● REQUIRED WORK:
Reproduce, word for word, the lines in the material below starting with the one that has "LiMon Arts Compatible" and going on through the one that has "3단계: 카드 등록: 결제창에서 카드번호 입력 후 ‘무료체험’ 버튼 클릭.". Leave out all pictures.

■ ■ ■ ■ ■ ■ ■

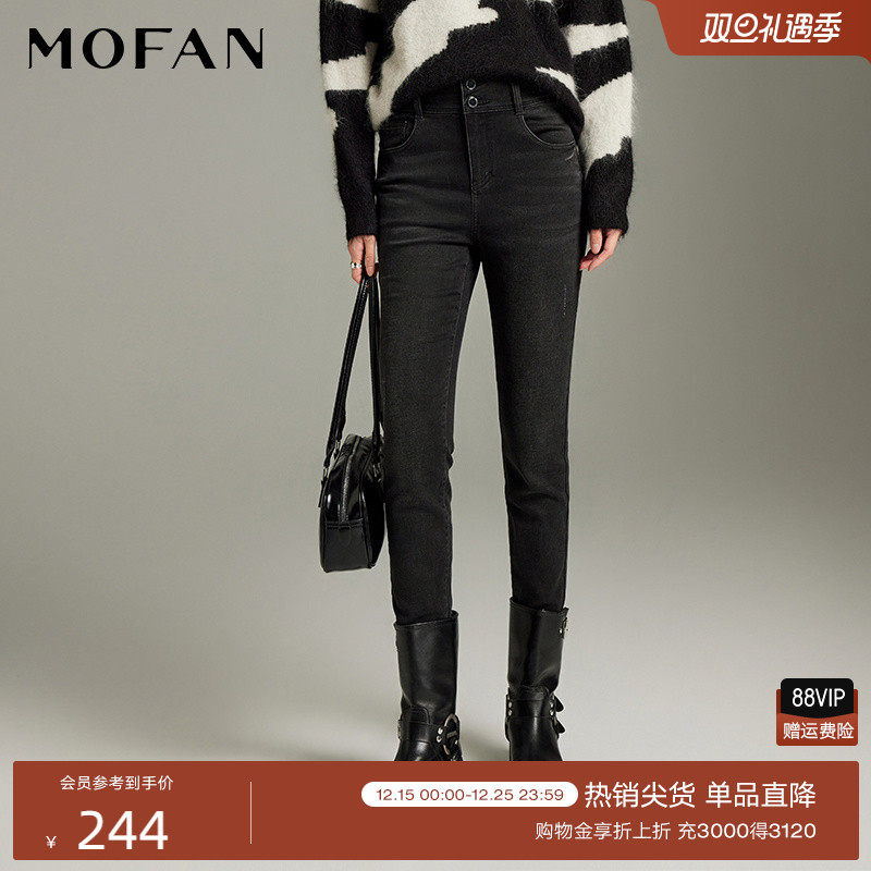 时尚黑色高腰牛仔长裤女MOFAN摩凡2025冬新款百搭休闲显瘦铅笔裤
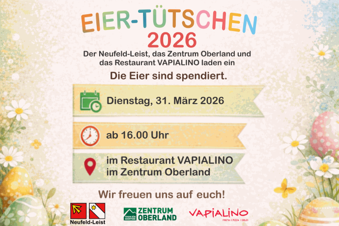 Der Neufeld-Leist, das Zentrum Oberland und das Restaurant VAPIALINO laden ein zum Eier-Tütschen 2026. Die Eier sind spendiert!
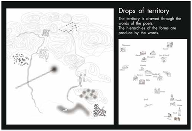 The research was conducted in 4 phases, through survey and project tools, words and media for geographic elaboration, looking for the subtle connection between word and content, mapping and structure, territory and environment, landscape and place, shape and image Figure 6. Eleven working groups were created to work each on one of the identified themes. The work of each group was put together with that of the others to shape the new landscape’s mosaic. Eleven visions were developed, each imagining a new geography of the border. Together, they acrobatically re‒designed a new morphology of the limes, palimpsest of a multiethnic community where the remains of the history of places can write a new story between geography, landscape and architecture. These eleven visions in turn become the project making material for the overall re‒shaping of landscape. The concept of “border as landscape”6 becomes then a key to identify the geographies of this cross border region. The geographer Giorgio Valussi, between the end of 1950s and mid 1960s, conducted a series of studies on Carsic landscapes, both in Italy and Slovenia, leading him to formulate the theory of the “geography of the border”, finding its roots in the continuous changes within landscapes Figure 7&8.7
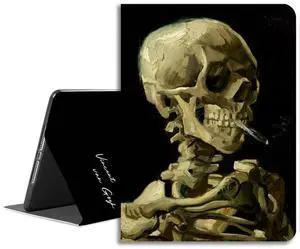 LiMon Arts Compatible with iPad Case Mini 5th/4th Gen 7.9" - Folio Protective Cover Shell - Durable Leather with Pencil Holder - Black Lovely Cool Stylish Halloween Van Gogh Head of a Skull
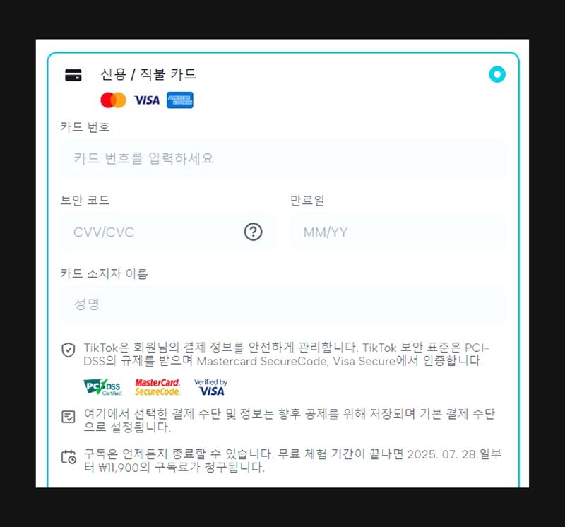 3단계: 카드 등록: 결제창에서 카드번호 입력 후 ‘무료체험’ 버튼 클릭.
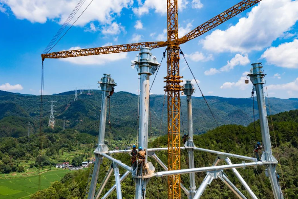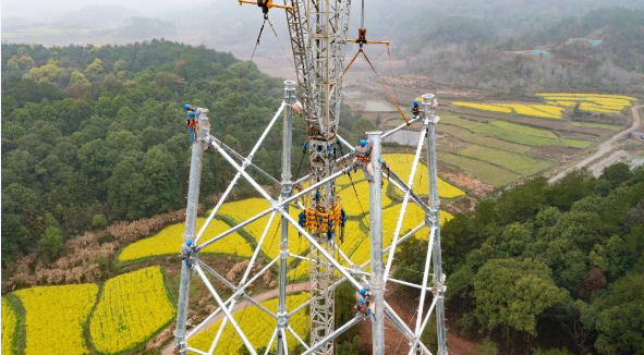 本工程将湖北电网与江西电网通过特高压输电通道相连,同时也是华中地区“日”字形网络的最后一笔,建成后将有效增强江西与湖北之间的网架联络,提升电力交换能力,有效支撑大规模绿色清洁能源的接入消纳,为江西乃至华中地区发展提供更可靠的电力支撑。赣1标段是江西境内唯一一个山区施工作业的标段,线路路径长2×39.8千米,新建铁塔93基,铁塔最重达341吨、最高达144米、部分塔横担长度达80.6米,全部采用落地双摇臂抱杆进行组塔。

■ ■ ■ ■ ■ ■ ■

● SOLUTION FOR THIS EXERCISE:
 LiMon Arts Compatible with iPad Case Mini 5th/4th Gen 7.9" - Folio Protective Cover Shell - Durable Leather with Pencil Holder - Black Lovely Cool Stylish Halloween Van Gogh Head of a Skull
 3단계: 카드 등록: 결제창에서 카드번호 입력 후 ‘무료체험’ 버튼 클릭.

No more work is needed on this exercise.